倉庫を改造したカフェやレストラン、オフィスが話題になっているのをご存知でしょうか?

倉庫には様々なものを収納しておく広々としたスペースがあり、このスペースを有効活用して、カフェなどの飲食店やオフィスを造るわけです。

レトロな感じがする倉庫の外観と、内部のおしゃれなインテリアが、面白いギャップを生み出します。この内と外のギャップ既存物件を有効活用する在り方が、多くの人やメディアの注目を集めているのです。

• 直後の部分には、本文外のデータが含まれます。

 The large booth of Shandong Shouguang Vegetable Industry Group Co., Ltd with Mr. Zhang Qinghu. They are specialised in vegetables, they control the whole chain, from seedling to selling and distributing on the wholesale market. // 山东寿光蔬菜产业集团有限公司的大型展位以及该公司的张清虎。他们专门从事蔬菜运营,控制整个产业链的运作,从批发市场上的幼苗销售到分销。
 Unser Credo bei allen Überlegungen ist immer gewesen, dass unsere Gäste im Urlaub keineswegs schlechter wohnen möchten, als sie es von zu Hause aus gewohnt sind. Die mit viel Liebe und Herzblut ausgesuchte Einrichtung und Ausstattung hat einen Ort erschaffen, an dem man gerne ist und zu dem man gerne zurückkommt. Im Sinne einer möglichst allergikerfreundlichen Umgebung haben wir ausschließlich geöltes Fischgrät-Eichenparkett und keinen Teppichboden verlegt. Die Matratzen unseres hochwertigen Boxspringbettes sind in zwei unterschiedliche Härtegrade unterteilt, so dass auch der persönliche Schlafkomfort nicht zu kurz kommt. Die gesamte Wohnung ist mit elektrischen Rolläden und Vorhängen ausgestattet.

本日は、レストランやショップなどの商業施設、倉庫を改造してオフィスなどの職場を造る倉庫リノベーションについてご紹介します。

倉庫をリノベーションして、ユニークなお店や職場を開きたい人は、実際に行う際のポイントが分かりますので、ぜひご覧ください。

1.倉庫リノベーションで造られたお店の魅力

倉庫をリノベーションすれば、カフェやレストラン、オフィスにも変えることができます。ここでは、4パターンの変更について見ていきます。

1-1.倉庫をカフェに変える

倉庫をリノベーションしたカフェは、かなり紹介されていますが、一番倉庫らしい感じがするカフェをご紹介させていただきます。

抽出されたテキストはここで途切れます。